Of course, the development of the title will not have been easy given Sega’s ambitions. Yasuhara, Ohshima and Naka sometimes worked up to 19 hours a day to produce the game of their dreams, with Naka estimating that the design of Green Hill Zone, the first world of the game, took a total of 8 months to perfectly match the initial project. This with one idea in mind: to design “the fastest video game in history”, a bet held not without encountering a real difficulty, that of making the levels interesting to explore despite the phenomenal speed of a character that we don’t particularly want to make walk like, at by chance, a Mario. Simple, effective, ultra lively, and above all revealing a powerful 16-bit console embodying the future, the first game in the Sonic license experienced unprecedented enthusiasm for Sega upon its release. It is unanimously praised in the specialist press and among players around the world, selling 15 million units (not far from the rival’s 20 Super Mario Worldreleased in November 1990).

SEGA’s streamlined star
Unfortunately, although Sonic’s popular success was very significant during the Mega Drive era, it was somewhat short-lived. The company’s second best-selling game only reached half of the historical total, and guess what: it’s its sequel, Sonic the Hedgehog 2 (1992), which notably introduces a two-player mode absent from the first part, and which strangely was not missing.
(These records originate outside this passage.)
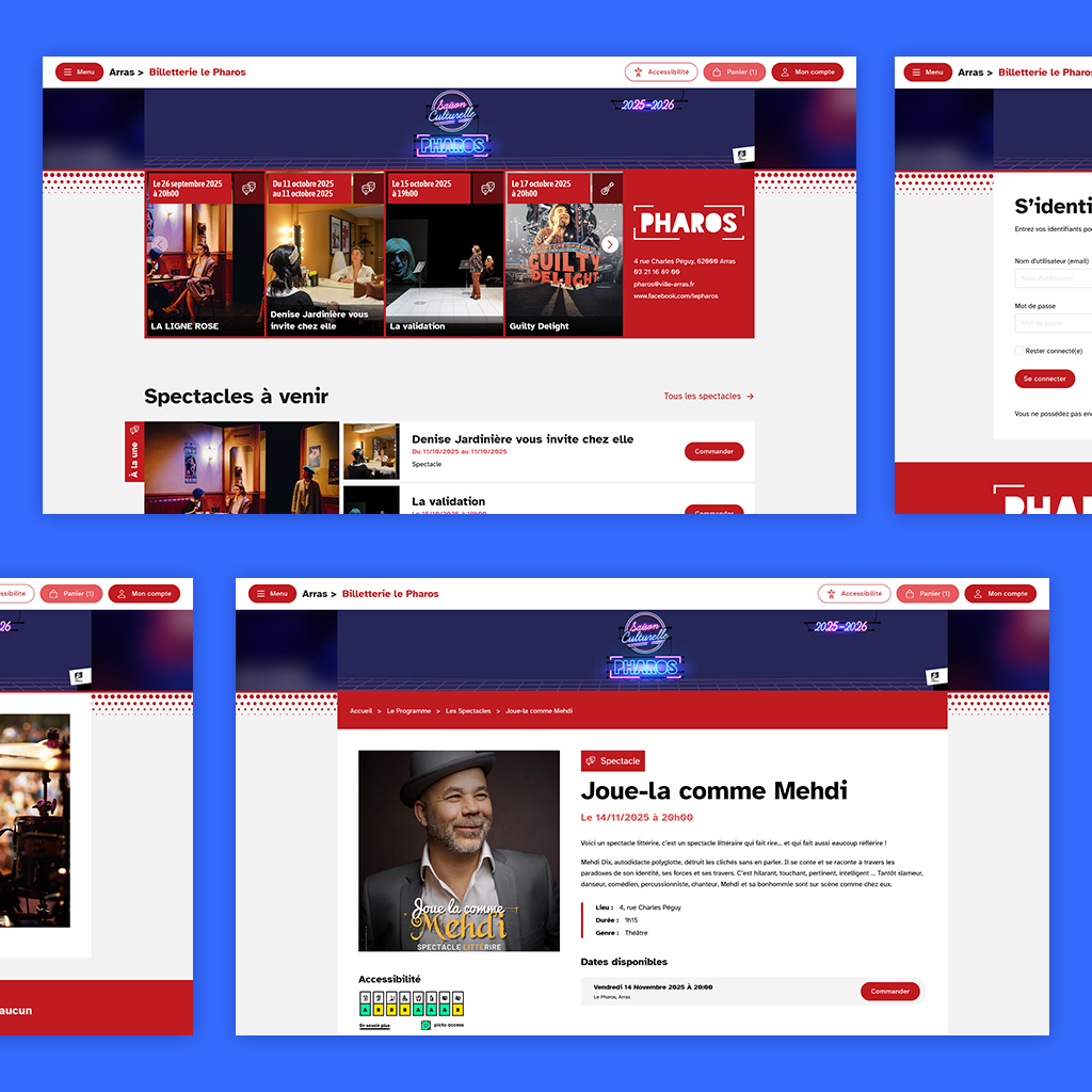 Nous avons créé une nouvelle billetterie en ligne 100% propriétaire pour le Pharos, pensée pour refléter l’identité de la Ville d’Arras et offrir une expérience d’achat fluide et accessible.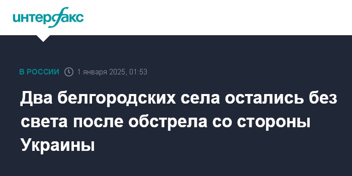 Москва. 1 января. INTERFAX.RU - В результате украинского обстрела Шебекинского городского округа в Белгородской области отключена электроэнергия в двух селах, сообщил в среду глава региона Вячеслав Гладков.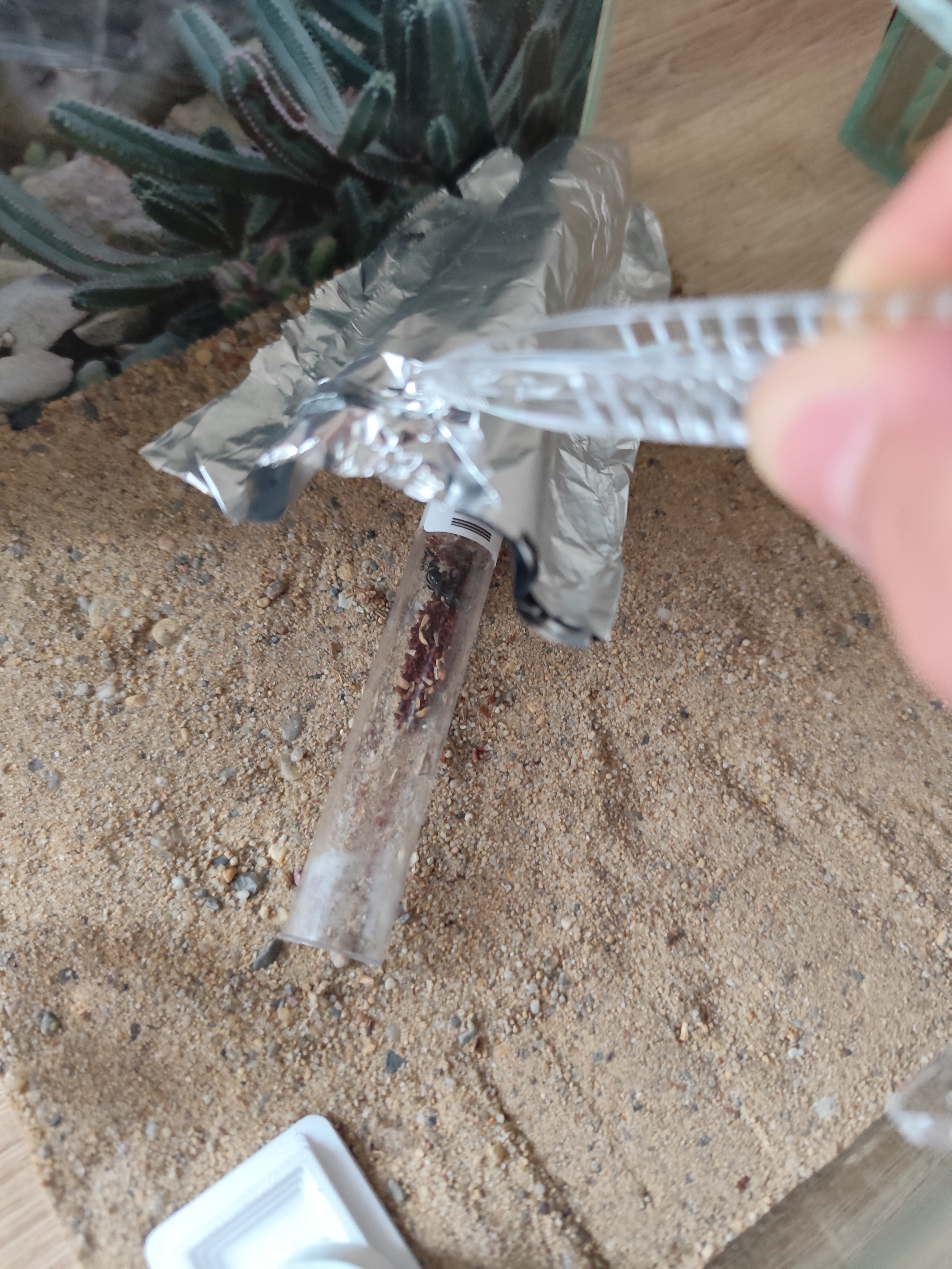 Im trockenen teil des Reagenzglases wird der Samenberg immer grösser. Es scheint fasst als wollen sie mit den Samen den weg versperren.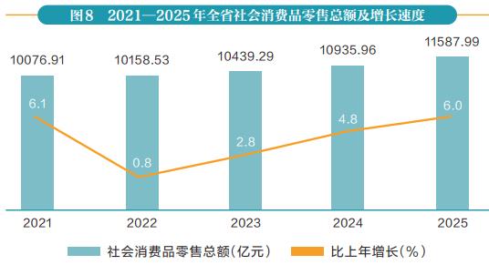 全年全省社会消费品零售总额11587.99亿元,比上年增长6.0%。按经营地分,城镇消费品零售额10276.54亿元,增长6.0%;乡村消费品零售额1311.45亿元,增长5.5%。按消费形态分,商品零售额10315.83亿元,增长6.2%;餐饮收入1272.16亿元,增长3.7%。

As for the third part (1994), which followed shortly in Sega’s historic hit parade, it was especially known for the presence, always subject to debate, of Michael Jackson in the composition of its soundtrack, testifying to a license with a phenomenal aura for a few years. Unfortunately, if Sonic 2 et 3 hold up the comparison quite well, the first part remains the most cult.

Certainly, Sega will try to repeat the feat of the tour de force achieved on Mega Drive with the excellent Sonic Adventure on Dreamcast, the first opus in 3D and probably the only one that could have considered the myth. But it is clear that the icon of the 1990s, who managed to destabilize Mario for a generation of machines, came up against a harsh reality, that of a design resolutely thought out for an era and a context. Where Mario was always thought of by Nintendo as a hero who was never fashionable, and in fact never went out of fashion either, Sega bet in the 16-bit era on too short-term a bet, still managing to design a mythical mascot but one who would then cross the decades of being sometimes mocked, and giving the feeling of constantly trying to rehabilitate its image, helped in this by an engaged fanbase and sales that are always there.
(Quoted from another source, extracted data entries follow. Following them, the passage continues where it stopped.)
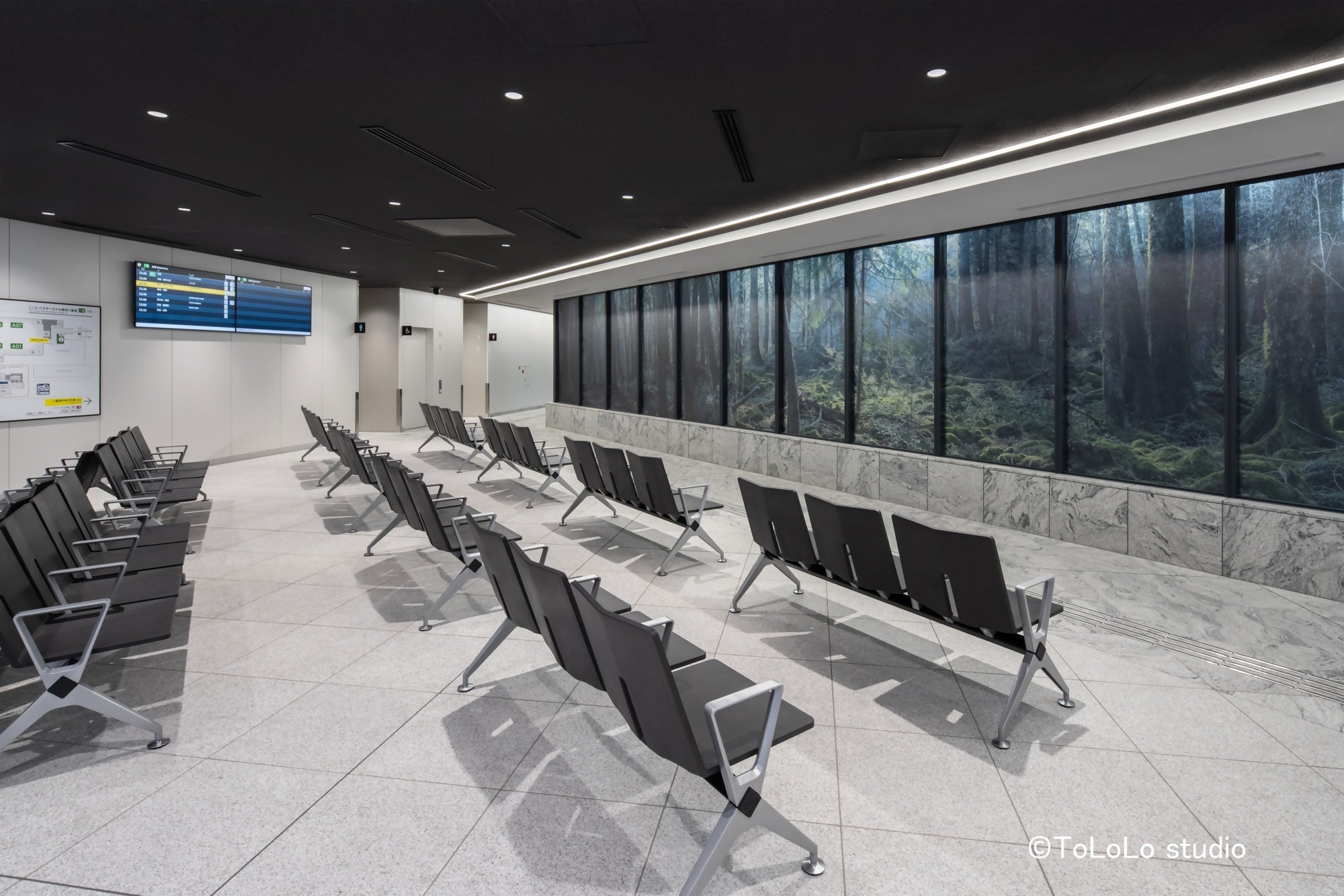 バスターミナルを一周する旅客エリアと車路を隔てるサッシのガラス面には、写真家が撮り下ろした日本の四季折々の自然風景写真をダイナミックに配置しました。訪れるお客様が、新緑や紅葉の木々の中に立っているような没入感を体感できる、新しい空間を実現しています。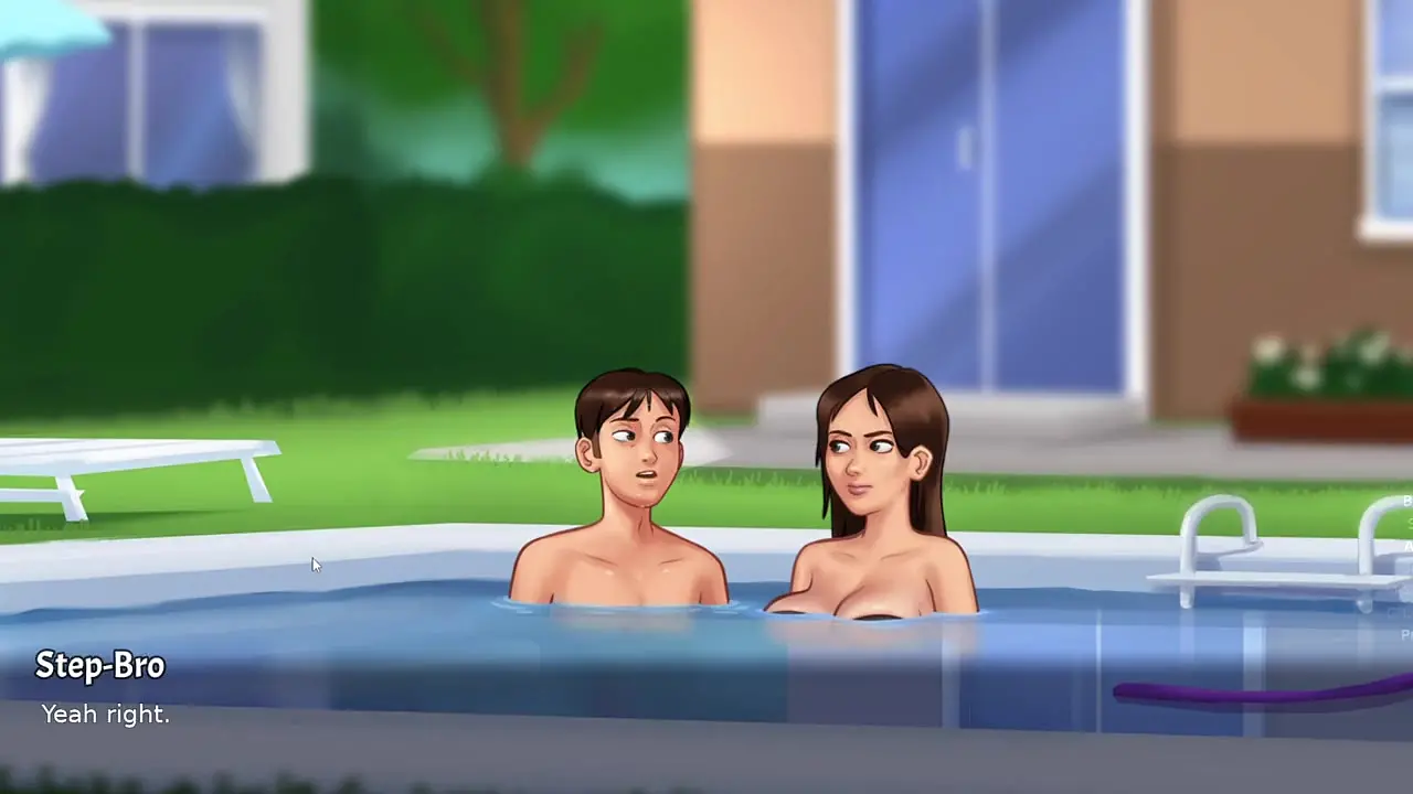 In this hardcore adult game, a pool boy gets lucky with a shaved pussy. He grabs and bounces on it as fast as he can, making the girl moan with pleasure. In the end, he finishes with a powerful cum shot.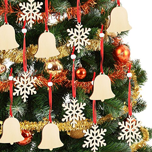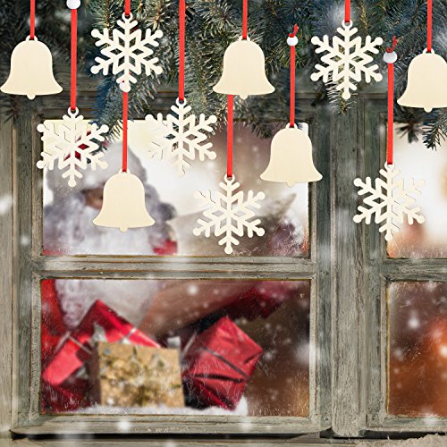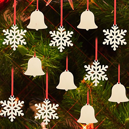 - Feature: the snowflake and bell are made from wood, and feature smooth surface without burrs; Their exquisite design makes them serve as wonderful decorations

Better in cinema than on consoles
For more than 25 years, the franchise’s games have oscillated between average (or even mediocre) and very good, rarely reaching excellence, which happened in particular in 2017 when developers outside Sega and Sonic Team published Sonic Maniaa tribute to the original Mega Drive trilogy. A shame. No three-dimensional episode will come close to Sonic Adventureand the Mario Kart-like quite a few featuring the blue hedgehog and his friends will certainly create a somewhat illusion, achieving correct figures as each time while receiving honorable reviews. Well, and then sorry, but we are not going to ignore these disasters that were the sadly misnamed Sonic the Hedgehog (2006), first opus in high definition rarely reaching average in the press, and horrible Sonic Boom: Rise of Lyric (2014), Wii U exclusive, considered the worst game in the license, and crowned with a catastrophic 32 on Metacritic.
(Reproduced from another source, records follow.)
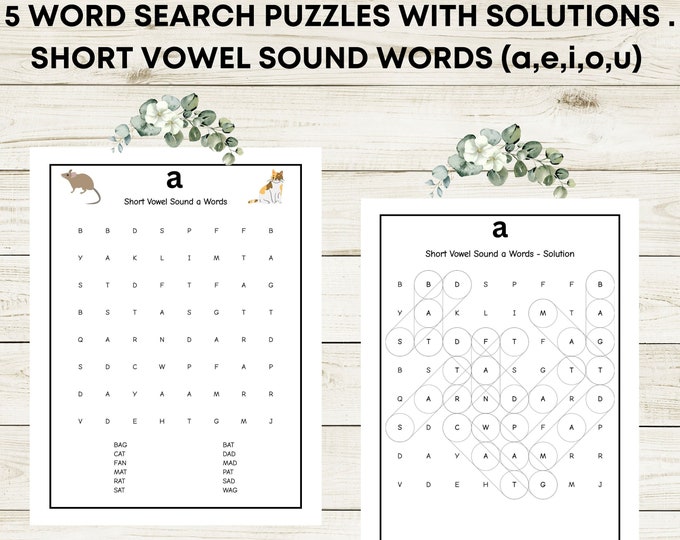 5 Word Search Puzzles With Short Vowel Sound Words (a,e,i,o,u) l Vowel Sound Recognition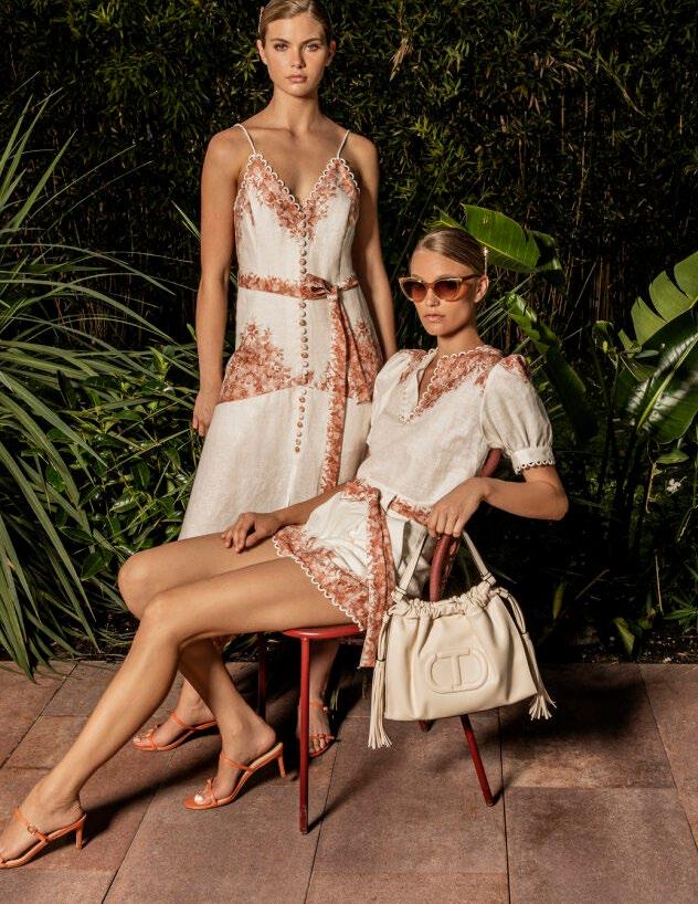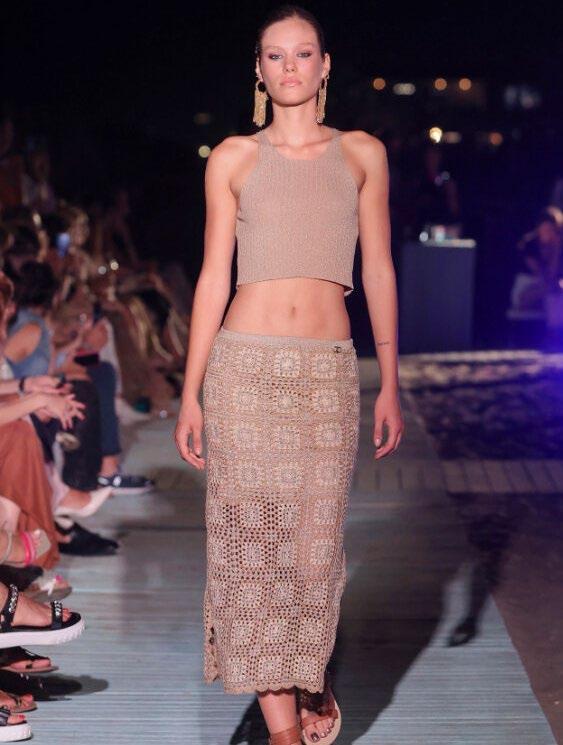 Twinset Milano's Spring-Summer 2024 collection is inspired by the magic of India’s Rajasthan, with its vibrant colours, desert dunes and fragrant spice markets. The Twinset woman embarks on a complete sensory journey, in which what she wears contributes to the magical narrative: from long jersey dresses that softly envelop the body, to head-to-toe looks consisting of lightweight jackets and crocheted shorts. Golden lurex is the star of the show in slip dresses paired with exotic maxi cardigans.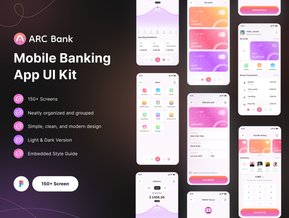 ARC Mobile Banking App UI Kit supports you with free font, pixel-perfect design, support organized layers, available Light & Dark theme, and also a global style guide.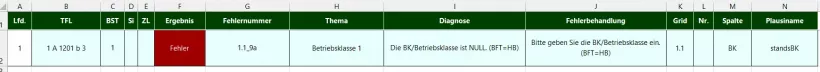 Die Fehlerbehebung erfordert Kenntnisse des Einrichtungsverfahrens. Es ist nicht ungewöhnlich, das im Fehlerprotokoll mehrere Fehler auftreten, deren Ursache ein einzelner Erfassungswert ist. Es sind dann sogenannte Folgefehler auch im Protokoll. Es erfordert in diesem Fall Erfahrung beim Aufspüren des ursächlichen fehlerhaften Erfassungswertes. Im FE-Modul gibt es nur Fehler und Hinweise (keine Warnungen ab 7/2024).

However, despite numerous failures and inconsistent reviews from one game to another, and if no Sonic has ever been as exceptional or revolutionary as was Sonic the Hedgehog in 1991, the license was doing surprisingly well despite the famous “ Sonic cycle HAS”. In the 2020s, the blue hedgehog has quite simply become a movie star with already three feature films of rather good reputation (thanks Jim Carrey). This is ultimately where he competes best with Mario, a shame for these two mascots that nothing opposes on consoles, given their seven collaborations between 2008 and 2020 in the different episodes of the saga Mario & Sonic at the Olympic Gamesultimate witnesses to a battle ax buried for a long time.